This study aims to analyze the learning curve of the single surgeon by evaluating the changes of clinical outcomes out of the first 120 consecutive LPDs via a prospective staged approach, and share our experience to overcome the learning curve.


Materials and methods

All data of patients were reviewed retrospectively from a prospective database. From September 2012 to July 2015, a series of consecutive LPDs performed by the same surgeon (Dr. Yi-Ping Mou) in the Sir Run Run Shaw Hospital (from September 2012 to June 2015) and the Zhejiang Provincial People’s Hospital (from June 2015 to July 2015) were identified. All the patients had a backup for its perioperative data and recorded video reviewed afterwards. The surgeon had prior experience with OPD and laparoscopic procedure such as radical gastrectomy, distal or central pancreatectomy. All patients were informed of the potential benefits and risks of LPD preoperatively with written consents. And the protocols were conducted following the approval of the Institutional Review Board.

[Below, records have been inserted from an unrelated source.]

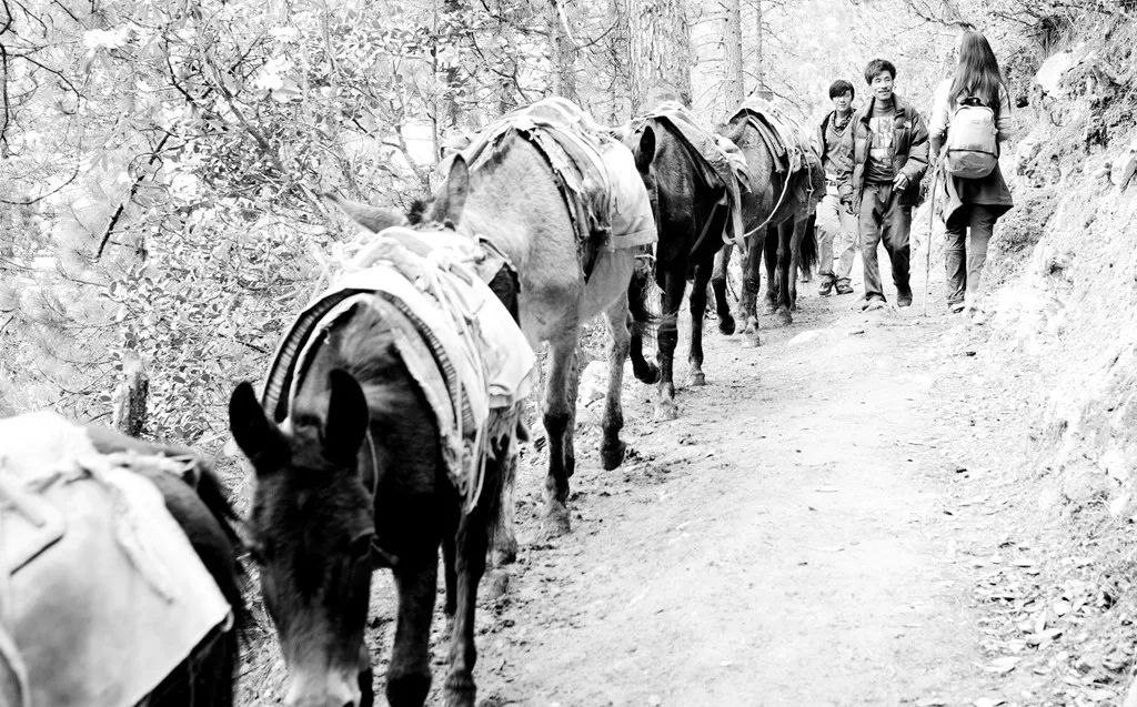 徒步六小時,當(dāng)我們站梅里雪山腳下的時候,彷佛雪山的神秘在此刻得到了全部的解答。雨崩人維持了幾百年來的農(nóng)耕畜牧的傳統(tǒng)生活方式。木質(zhì)結(jié)構(gòu)的平房,用山石搭建庭院的圍欄,悠然行走于土石路上的牛羊與騾馬,無不顯示著這個村落的與世隔絕和寧靜安詳。
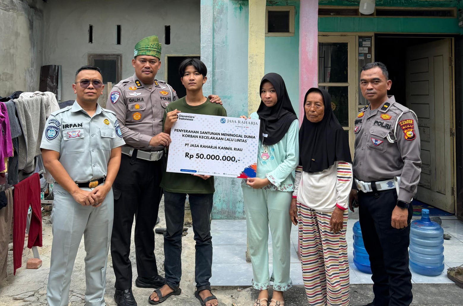 “Alhamdulillah hari ini kami dari Ditlantas Polda Riau bersama PT Jasa Raharja Riau secara langsung menyalurkan dana santunan asuransi jiwa kepada keluarga korban kecelakaan lalu lintas. Santunan ini diterima langsung oleh ibu almarhum serta anak-anaknya,” ujar AKBP Galih Apria.
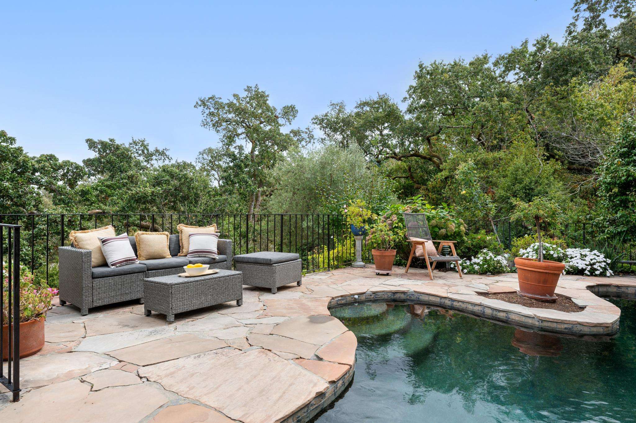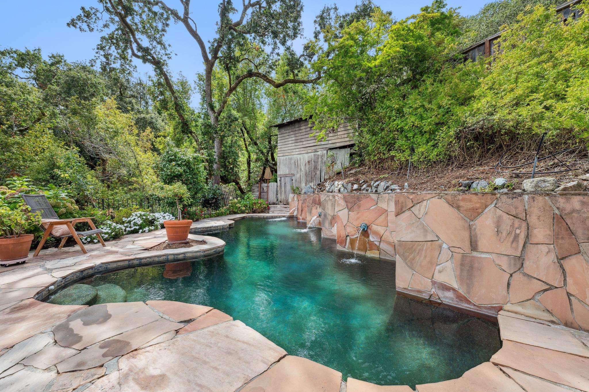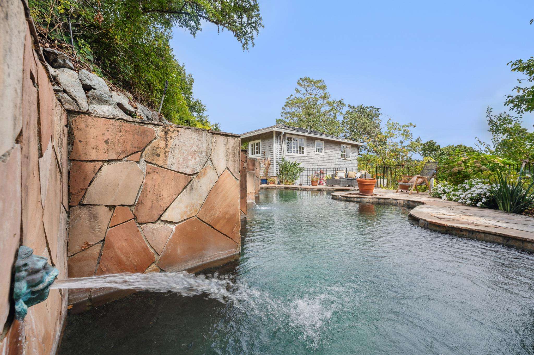 The backyard is where the magic happens. Imagine mornings that begin with a refreshing swim in your custom-designed pool—so stunning it feels lifted from a magazine. Afternoons drift by as you lounge in the sun, while evenings bring gatherings under the stars. The views from the yard to the surrounding hills are so vibrant, “you won’t have enough colors in your imagination” to take them all in.
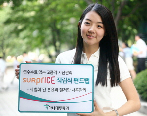 하나대투증권 랩운용부 박민수 상무는 “써프라이스 적립식 펀드랩은 추가 수수료 없이 적은 금액으로 차별화된 운용과 주기적인 자산비율조정과 다양한 사후관리 시스템으로 한 발 앞선 수익률을 기대할 수 있다”고 밝혔다.
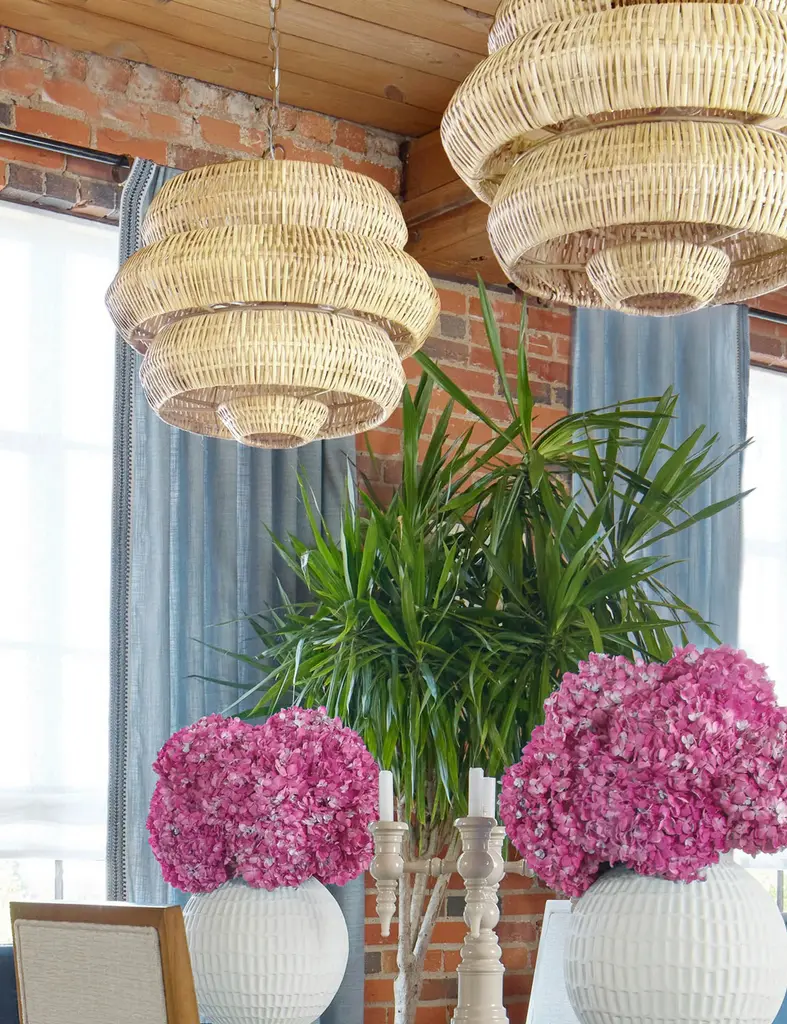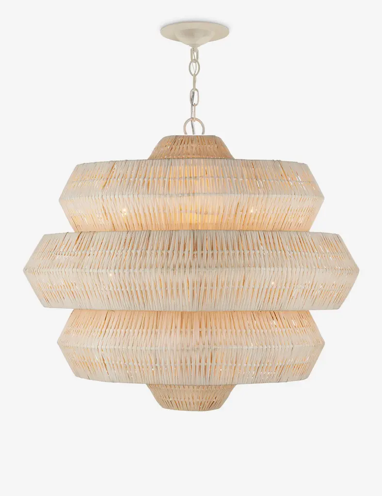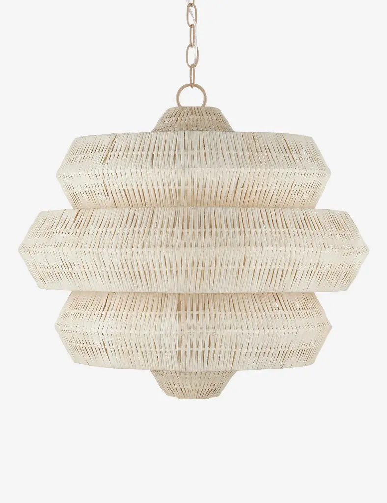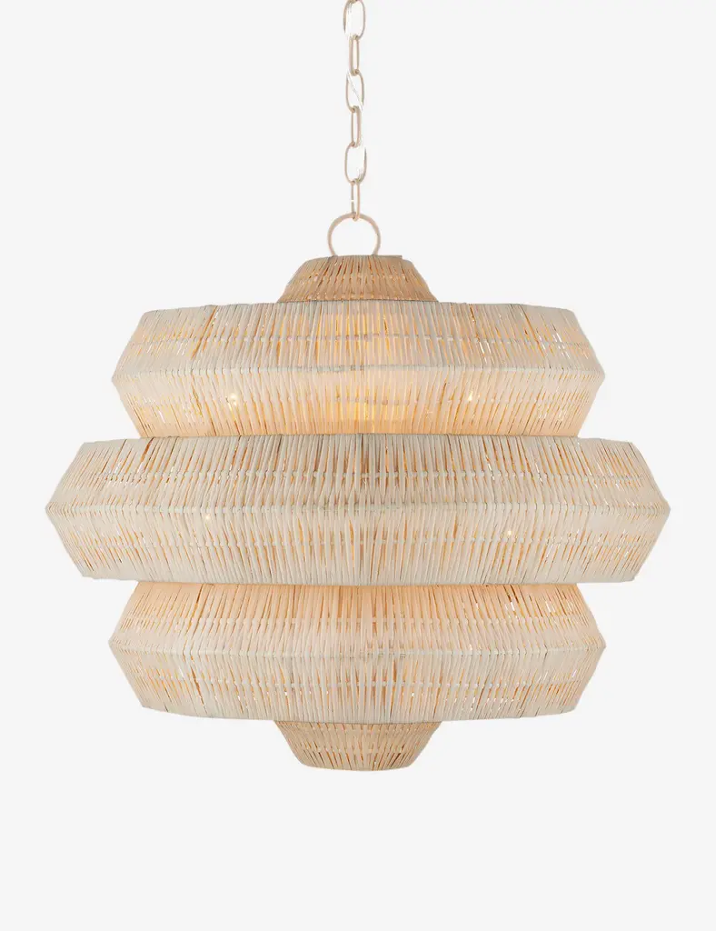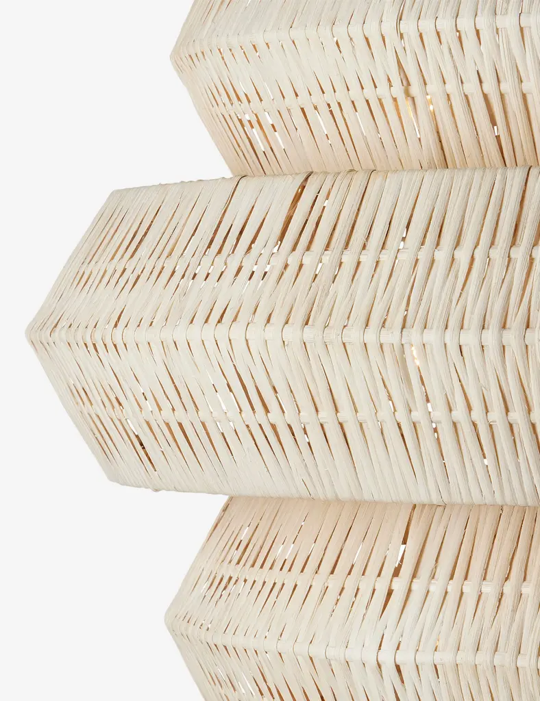 Style a textural statement overhead with the Katriel chandelier. A woven rattan design bounds the light with an attractive shape and organic feel that will elevate the room. The geometric silhouette brings a sculptural edge to the natural warmth of this modern chandelier.
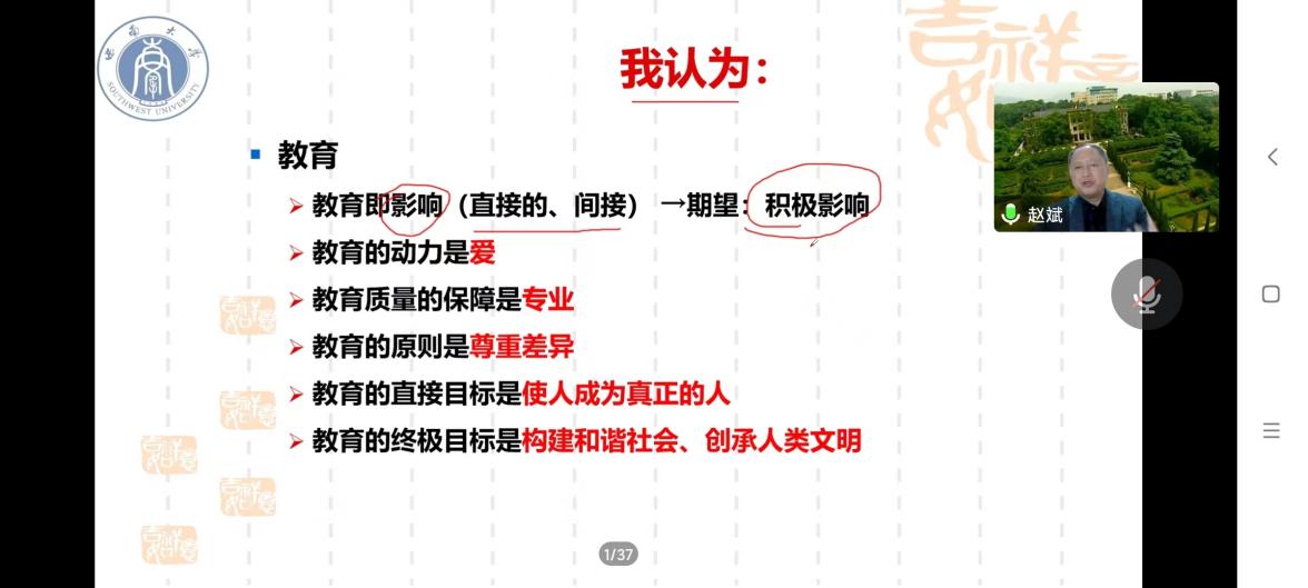 本次讲座赵斌教授进行了精心准备,在两个小时的线上讲授时间内,不仅信息量大,同时让我们感受到特教人对特教事业的热爱和激情。他的讲授深入浅出,让员工们对未来成为一个怎样的特殊教育教师有了更深入的思考,也给所有听讲师生关于做人做事的很多启发。最后,特殊教育系同学们围绕讲座内容向赵教授提出了一些专业问题,赵斌教授做了深入全面的解答,取得了非常好的讲座效果。(/陈琳 编辑/徐琴 审核/李拉)
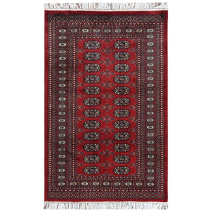3'1"x4'10" Hand Knotted Saturated Red Denser Weave Silky Wool 250 Kpsi Super Bokara Oriental Rug FWR368292

Patients with superior mesenteric vein (SMV)/portal vein (PV) reconstruction and combined multi-visceral resection were excluded. All the data were retrospectively reviewed, including demographic data, operative time (OT), estimated blood loss (EBL), diameter of main pancreatic duct (MPD) and common bile duct (CBD), 90-day morbidity and mortality, LOS, and pathologic results. Postoperative pancreatic fistula (POPF) was defined and graded according to the criteria of International Study Group of Pancreatic Fistula (ISGPF) (7). POPF graded B and C were considered as clinically relevant. Other major postoperative complications were defined and graded by the consensus of International Study Group of Pancreatic Surgery (ISGPS) including delayed gastric emptying (DGE) and post-pancreatectomy hemorrhage (8,9). Bile leakage was defined by the definition of the International Study Group of Liver Surgery (ISGLS) (10).

To analyze the changes in different learning periods of this procedure, the identified 120 cases were divided into four groups according to the surgeon’s staged approach. In the first period (Group A, the first 30 patients), the surgeon focused on the feasibility and safety of LPD. In the second period (Group B, the second 30 patients), the surgeon performed total mesopancreas excision (TMpE) for cancer, aiming to get better oncological outcomes. In the third period (Group C, the third 30 patients), he paid more attention to surgical details, in terms of the sutures. In the fourth period (Group D, the last 30 patients), former primary assistant were trained to perform some steps of LPD, for example, the resection part.

Operative methods

The operative methods used have been described in detail previously. For patients with resectable lesions, we routinely used the modified approach based on “Five Trocars” (11). However, for patients who had SMV encasement with difficulty creating the retro-pancreatic tunnel, that is, borderline resectable pancreatic cancer (BRPC), we used the “Easy First” strategy to perform LPD (12). TMpE had been performed for cancer since Group B. The definition of mesopancreas indicated the soft connective tissue along celiac axis, superior mesenteric vessels and uncinate process of pancreas, especially the lymphatic and nervous structures of retroperitoneal margin as reported (13,14).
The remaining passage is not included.